Similes play an imperative role in creative writing such as story and dialogue generation. Proper evaluation metrics are like a beacon guiding the research of simile generation (SG). However, it remains under-explored as to what criteria should be considered, how to quantify each criterion into metrics, and whether the metrics are effective for comprehensive, efficient, and reliable SG evaluation. To address the issues, we establish HAUSER, a holistic and automatic evaluation system for the SG task, which consists of five criteria from three perspectives and automatic metrics for each criterion. Through extensive experiments, we verify that our metrics are significantly more correlated with human ratings from each perspective compared with prior automatic metrics.
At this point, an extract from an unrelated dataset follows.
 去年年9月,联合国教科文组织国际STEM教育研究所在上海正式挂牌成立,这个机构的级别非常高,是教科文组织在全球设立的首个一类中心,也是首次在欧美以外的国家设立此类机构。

The ability to understand and generate similes is an imperative step to realize human-level AI. However, there is still a considerable gap between machine intelligence and human cognition in similes, since deep models based on statistical distribution tend to favour high-frequency similes. Hence, a large-scale symbolic knowledge base of similes is required, as it contributes to the modeling of diverse yet unpopular similes while facilitating additional evaluation and reasoning. To bridge the gap, we propose a novel framework for large-scale simile knowledge base construction, as well as two probabilistic metrics which enable an improved understanding of simile phenomena in natural language. Overall, we construct MAPS-KB, a million-scale probabilistic simile knowledge base, covering 4.3 million triplets over 0.4 million terms from 70 GB corpora. We conduct sufficient experiments to justify the effectiveness and necessity of the methods of our framework. We also apply MAPS-KB on three downstream tasks to achieve state-of-the-art performance, further demonstrating the value of MAPS-KB.
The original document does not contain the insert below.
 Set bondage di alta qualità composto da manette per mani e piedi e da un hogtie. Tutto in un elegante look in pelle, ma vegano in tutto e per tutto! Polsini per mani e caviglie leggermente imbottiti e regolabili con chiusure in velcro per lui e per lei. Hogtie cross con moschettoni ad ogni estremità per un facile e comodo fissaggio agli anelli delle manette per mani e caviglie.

Simile interpretation is a crucial task in natural language processing. Nowadays, pre-trained language models (PLMs) have achieved state-of-the-art performance on many tasks. However, it remains under-explored whether PLMs can interpret similes or not. In this paper, we investigate the ability of PLMs in simile interpretation by designing a novel task named Simile Property Probing, i.e., to let the PLMs infer the shared properties of similes. We construct our simile property probing datasets from both general textual corpora and human-designed questions, containing 1,633 examples covering seven main categories. Our empirical study based on the constructed datasets shows that PLMs can infer similes’ shared properties while still underperforming humans. To bridge the gap with human performance, we additionally design a knowledge-enhanced training objective by incorporating the simile knowledge into PLMs via knowledge embedding methods. Our method results in a gain of 8.58% in the probing task and 1.37% in the downstream task of sentiment classification.